-- Supplied information --
########

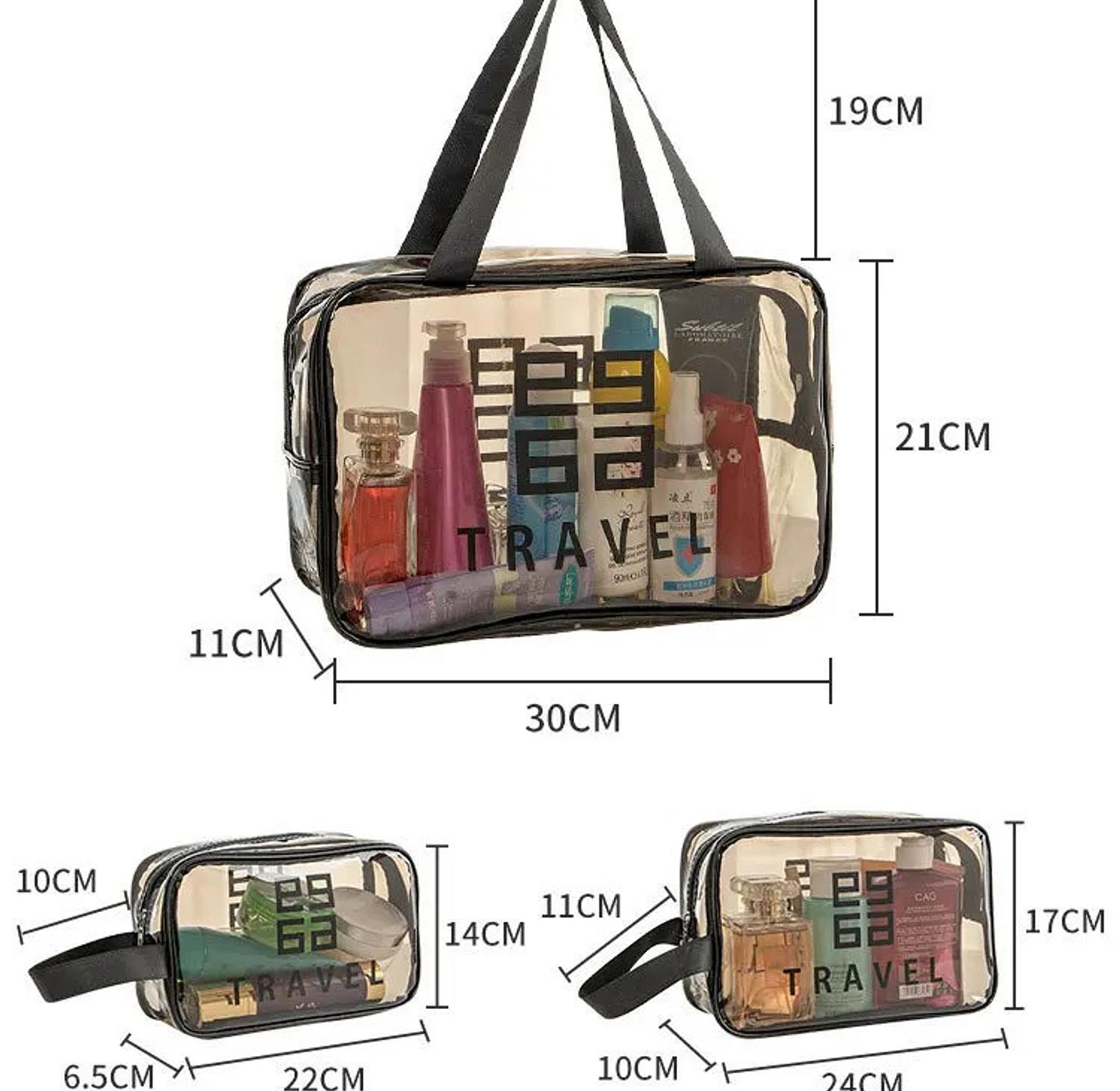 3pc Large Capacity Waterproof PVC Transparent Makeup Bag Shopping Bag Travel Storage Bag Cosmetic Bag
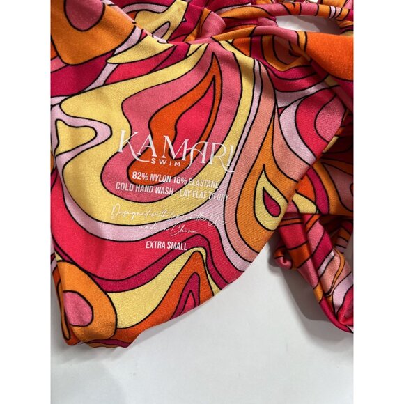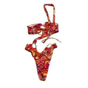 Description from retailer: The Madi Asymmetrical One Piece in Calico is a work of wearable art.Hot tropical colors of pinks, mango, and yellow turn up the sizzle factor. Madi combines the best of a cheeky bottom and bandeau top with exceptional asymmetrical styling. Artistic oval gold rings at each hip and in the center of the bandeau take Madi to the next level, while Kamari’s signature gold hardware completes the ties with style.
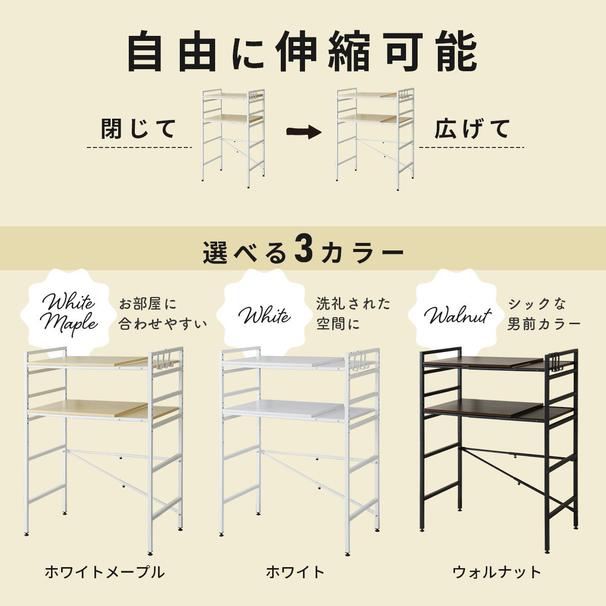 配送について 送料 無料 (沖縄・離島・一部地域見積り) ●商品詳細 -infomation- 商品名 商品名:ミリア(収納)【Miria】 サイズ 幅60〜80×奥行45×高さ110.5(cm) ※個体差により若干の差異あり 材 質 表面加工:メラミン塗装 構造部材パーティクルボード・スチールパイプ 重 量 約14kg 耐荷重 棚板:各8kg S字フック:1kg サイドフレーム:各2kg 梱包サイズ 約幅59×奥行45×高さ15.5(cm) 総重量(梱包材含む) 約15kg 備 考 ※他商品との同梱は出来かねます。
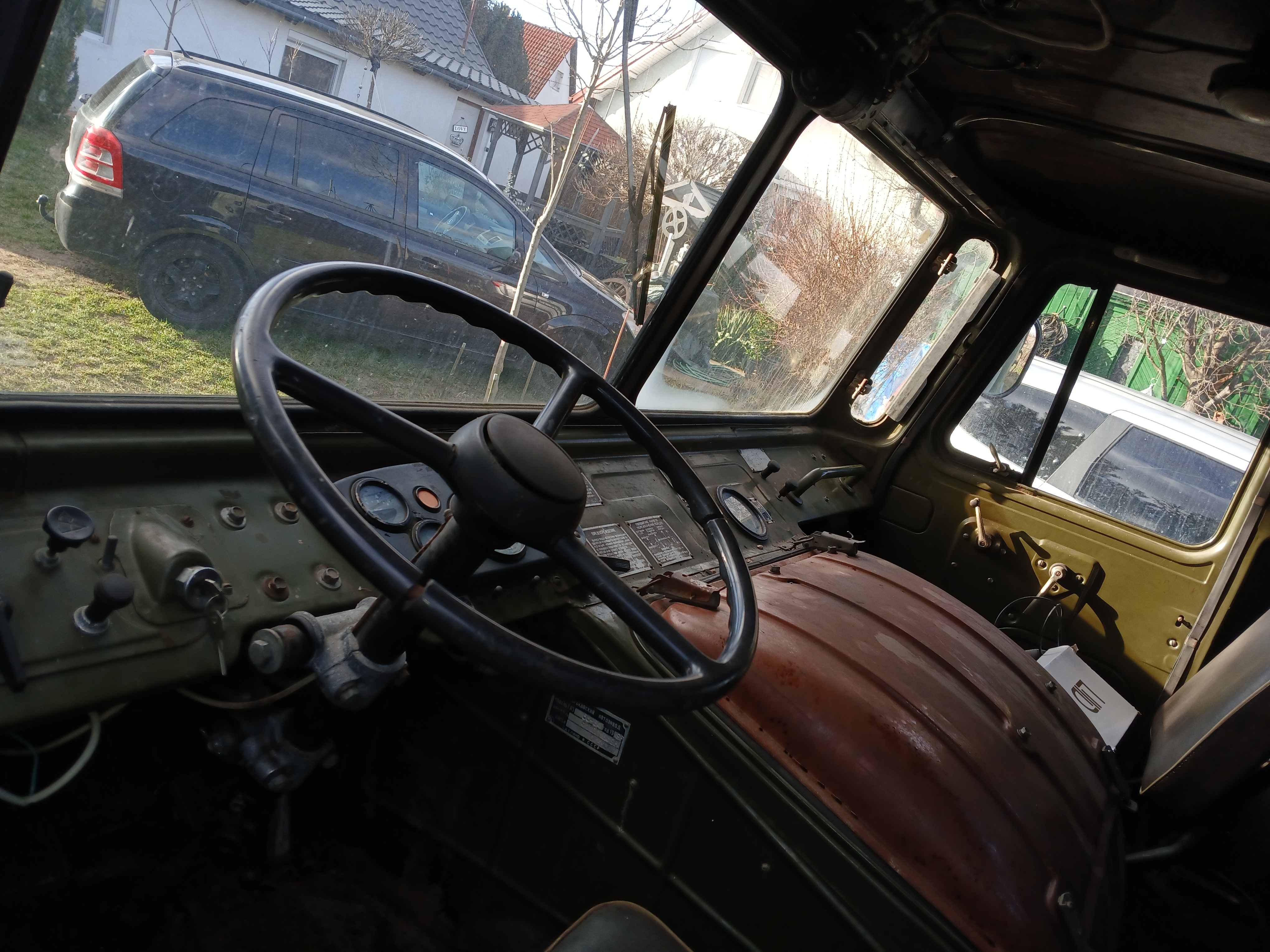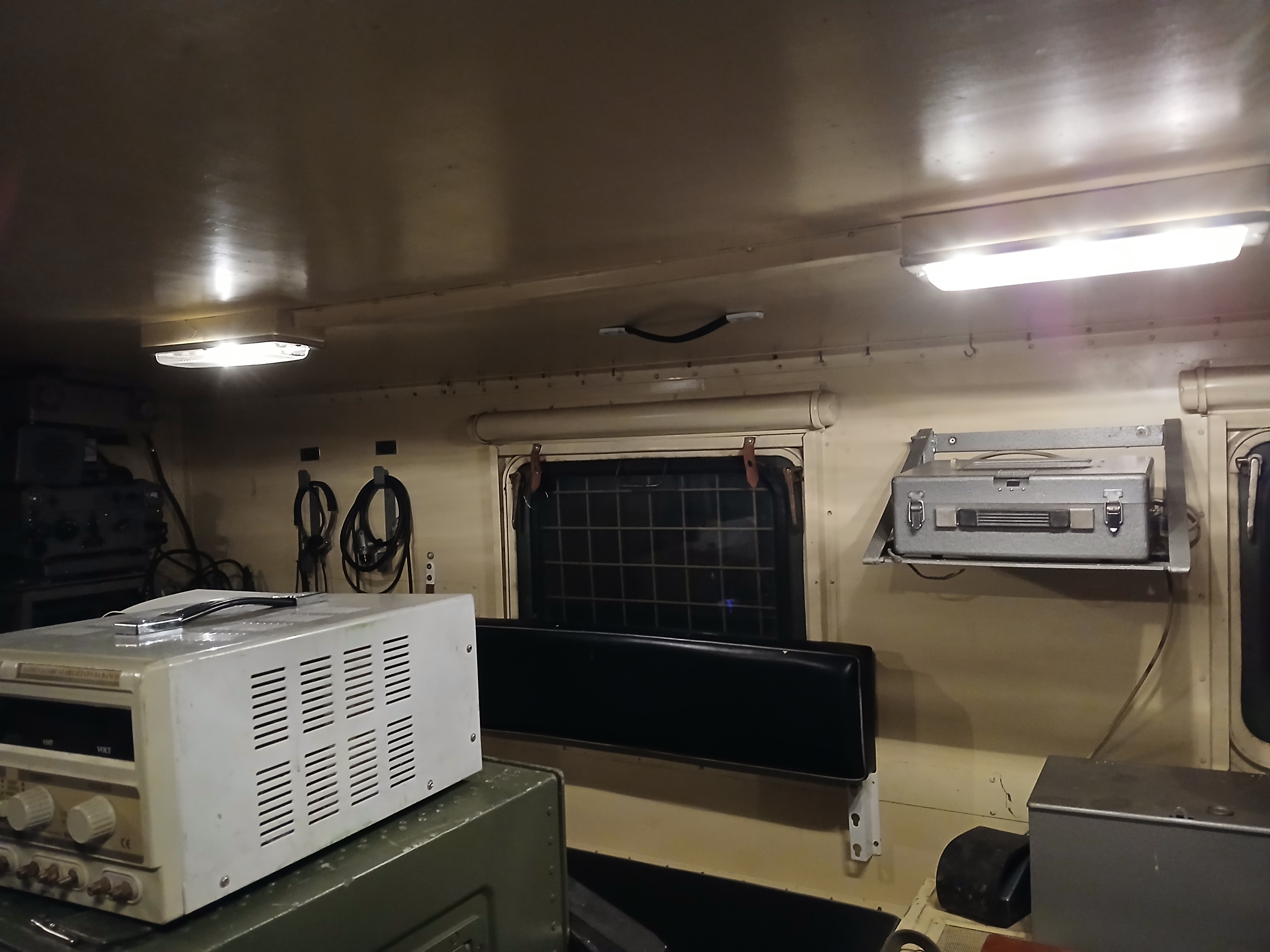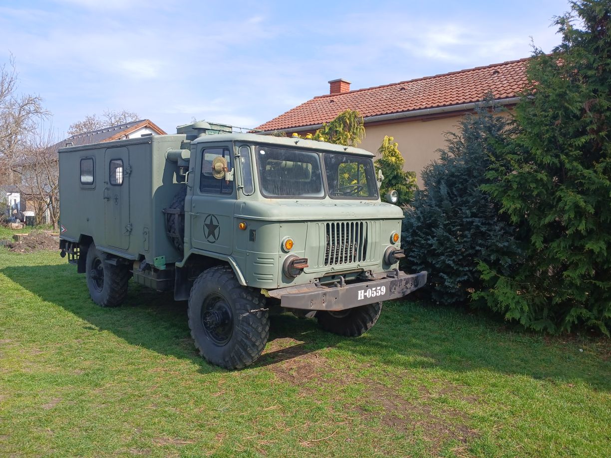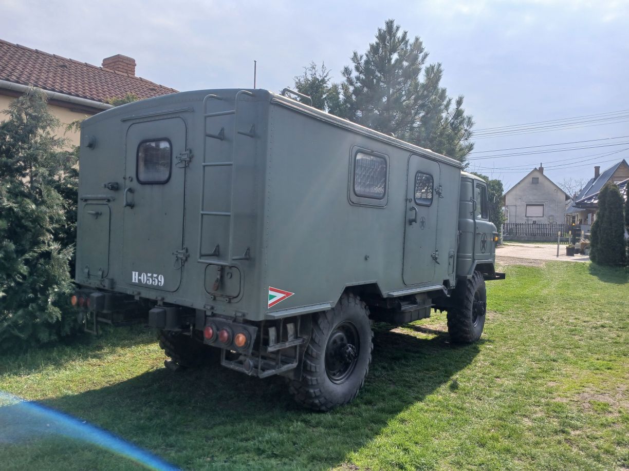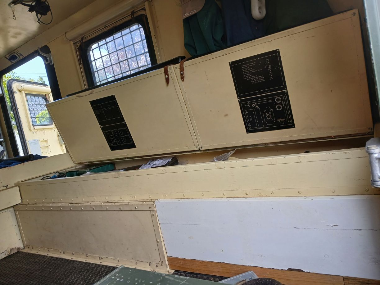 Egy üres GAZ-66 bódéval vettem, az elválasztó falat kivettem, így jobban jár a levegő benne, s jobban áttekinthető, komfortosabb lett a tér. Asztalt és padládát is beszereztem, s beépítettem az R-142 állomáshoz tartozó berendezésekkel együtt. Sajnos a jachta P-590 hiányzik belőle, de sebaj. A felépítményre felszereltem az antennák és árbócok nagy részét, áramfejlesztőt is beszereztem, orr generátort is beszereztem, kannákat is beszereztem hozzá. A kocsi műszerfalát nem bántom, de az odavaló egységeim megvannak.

########

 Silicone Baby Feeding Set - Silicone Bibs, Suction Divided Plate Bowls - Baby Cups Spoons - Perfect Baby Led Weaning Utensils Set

########

-- Task brief --
Using the data above, give again exactly the lines starting at the one holding "Description from retailer: The" and ending at the one holding "Egy üres GAZ-66", inclusive, and nothing more. Omit the pictures.

-- Completed exercise --
 Description from retailer: The Madi Asymmetrical One Piece in Calico is a work of wearable art.Hot tropical colors of pinks, mango, and yellow turn up the sizzle factor. Madi combines the best of a cheeky bottom and bandeau top with exceptional asymmetrical styling. Artistic oval gold rings at each hip and in the center of the bandeau take Madi to the next level, while Kamari’s signature gold hardware completes the ties with style.
 配送について 送料 無料 (沖縄・離島・一部地域見積り) ●商品詳細 -infomation- 商品名 商品名:ミリア(収納)【Miria】 サイズ 幅60〜80×奥行45×高さ110.5(cm) ※個体差により若干の差異あり 材 質 表面加工:メラミン塗装 構造部材パーティクルボード・スチールパイプ 重 量 約14kg 耐荷重 棚板:各8kg S字フック:1kg サイドフレーム:各2kg 梱包サイズ 約幅59×奥行45×高さ15.5(cm) 総重量(梱包材含む) 約15kg 備 考 ※他商品との同梱は出来かねます。
 Egy üres GAZ-66 bódéval vettem, az elválasztó falat kivettem, így jobban jár a levegő benne, s jobban áttekinthető, komfortosabb lett a tér. Asztalt és padládát is beszereztem, s beépítettem az R-142 állomáshoz tartozó berendezésekkel együtt. Sajnos a jachta P-590 hiányzik belőle, de sebaj. A felépítményre felszereltem az antennák és árbócok nagy részét, áramfejlesztőt is beszereztem, orr generátort is beszereztem, kannákat is beszereztem hozzá. A kocsi műszerfalát nem bántom, de az odavaló egységeim megvannak.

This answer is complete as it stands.